Immer mehr Anleger möchten mit ihrem Ersparten helfen, die Wirtschaft grüner zu machen. Doch Geld allein reicht nicht, das zeigt ein Bericht. Mehr einheitliche Regeln sind nötig.
Nachhaltige Geldanlagen boomen - nach den Zahlen des Bundesverbands Investment und Asset Management sind in Deutschland mehr als 580 Milliarden Euro allein in nachhaltigen Fonds investiert. Und jeder sechste Euro, der neu angelegt wird, fließt in solche Anlageprodukte. Doch ob die Gelder tatsächlich entsprechend investiert werden, also in "sustainable finance", ist nicht immer gesichert.
Das zeigt eine Studie der Finanzwende Recherche, die ZDFheute exklusiv vorliegt. Darin untersuchen Autoren der gemeinnützigen Tochtergesellschaft der Bürgerbewegung Finanzwende, wie es um die Wirkungen der Sustainable-Finance-Strategie der alten Bundesregierung steht. Die hatte diese vor einem Jahr vorgestellt, die Ampel-Regierung hat jedoch noch keine neue Strategie entwickelt.
Vor allem junge Menschen wollen ihr Geld ökologisch sauber anlegen. Doch wie nachhaltig sind grüne Geldanlagen und worauf muss man bei der Auswahl achten?

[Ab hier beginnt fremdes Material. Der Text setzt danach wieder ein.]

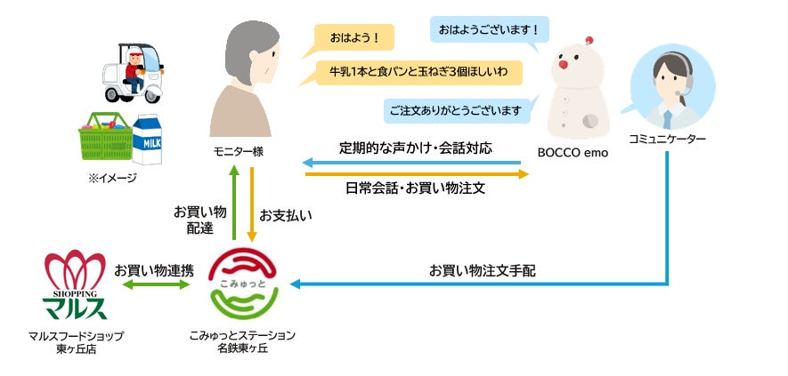 近隣の食品スーパー「マルスフードショップ東ヶ丘店」と連携し、ロボットにてお買い物のご注文をお受けし、ご注文された商品をモニター様のご自宅にお届けするサービスを体験できます。

Häufig Greenwashing bei Finanzprodukten
Ein Kritikpunkt der Studie: Immer noch würden häufig Produkte als nachhaltig angepriesen, die es gar nicht sind, viele Anbieter betrieben also "Greenwashing". Magdalena Senn, Referentin für nachhaltige Finanzmärkte von Finanzwende Recherche, kritisiert:
Da werde eine Wirkung versprochen, die gar nicht eingehalten werden könne.
Dafür gibt es mehrere Gründe: Zum einen ist immer noch nicht geregelt, welche Geldanlagen denn als "nachhaltig" gelten dürfen. Die Definition ist in der Europäischen Union heftig umstritten, nach den aktuellen Plänen zur "Taxonomie" plant die EU ja, Atomkraft und Gas als nachhaltig einzustufen.
Monatelang wurde darüber gestritten, nun ist es offiziell. Investitionen in neue Gas- und Atomkraftwerke gelten künftig unter Auflagen als klimafreundlich und nachhaltig.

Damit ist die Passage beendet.